Près de 460 personnes ont été tuées et des milliers blessées
Alors que les besoins augmentent, la violence a rendu l’acheminement de l’aide quasiment impossible. « Nous avons fourni du carburant à certains hôpitaux de Khartoum afin que les opérations critiques puissent se poursuivre. L’OMS dispose de stocks de médicaments essentiels, de poches de sang et de fournitures pour la chirurgie et les soins traumatologiques qui attendent d’être livrés dès qu’un accès sûr sera assuré », a ajouté le Dr Nima Saeed Abid.
Le nombre de morts et de blessés à la suite des combats qui ont éclaté au Soudan il y a dix jours continue de s’alourdir. Selon un décompte effectué le 24 avril par le ministère fédéral de la santé (FMoH), on dénombre 459 morts et 4.072 blessés, dont 2.343 blessés et 166 morts dans le seul État de Khartoum.
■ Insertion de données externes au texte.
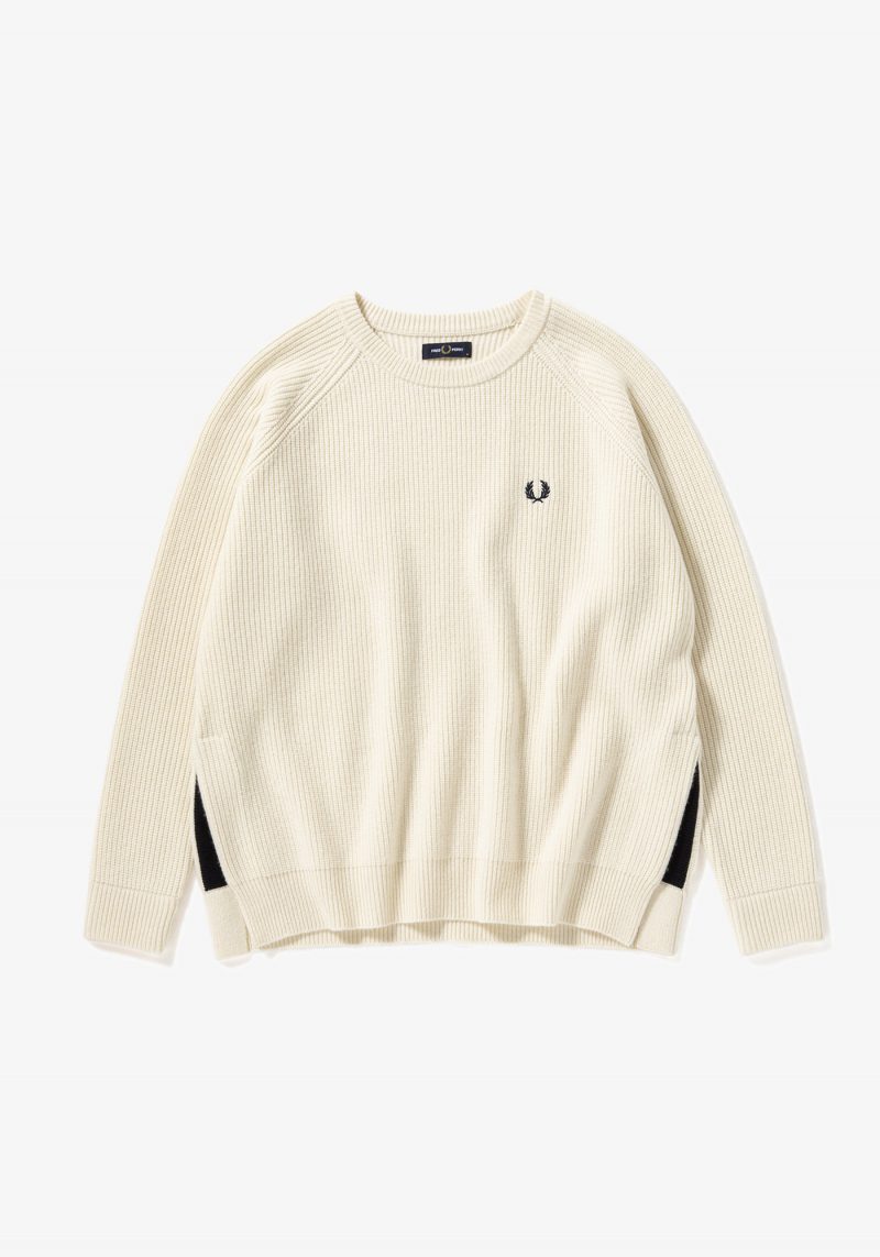 少しゆったり目のサイズ感で仕上げたミドルゲージのリブ編みクルーネックニットです。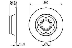 Disc frana BOSCH Fata Dreapta/Stanga AUDI 80 B4 1.6/1.9D/2.0 09.91-01.96 Diametru exterior 280.0 mm Inaltime 56.0 mm Grosime 13.0 mm

« Les chiffres réels sont probablement plus élevés en raison du manque de fonctionnalité d’au moins 25% des établissements de santé dans la capitale Khartoum, où se déroulent la plupart des combats », a précisé l’Agence sanitaire mondiale de l’ONU.
Pour rappel, les besoins humanitaires au Soudan atteignaient déjà des niveaux record avant que les combats n’éclatent. Quelque 15,8 millions de personnes, soit environ un tiers de la population, avaient besoin d’une aide humanitaire avant que les combats n’éclatent.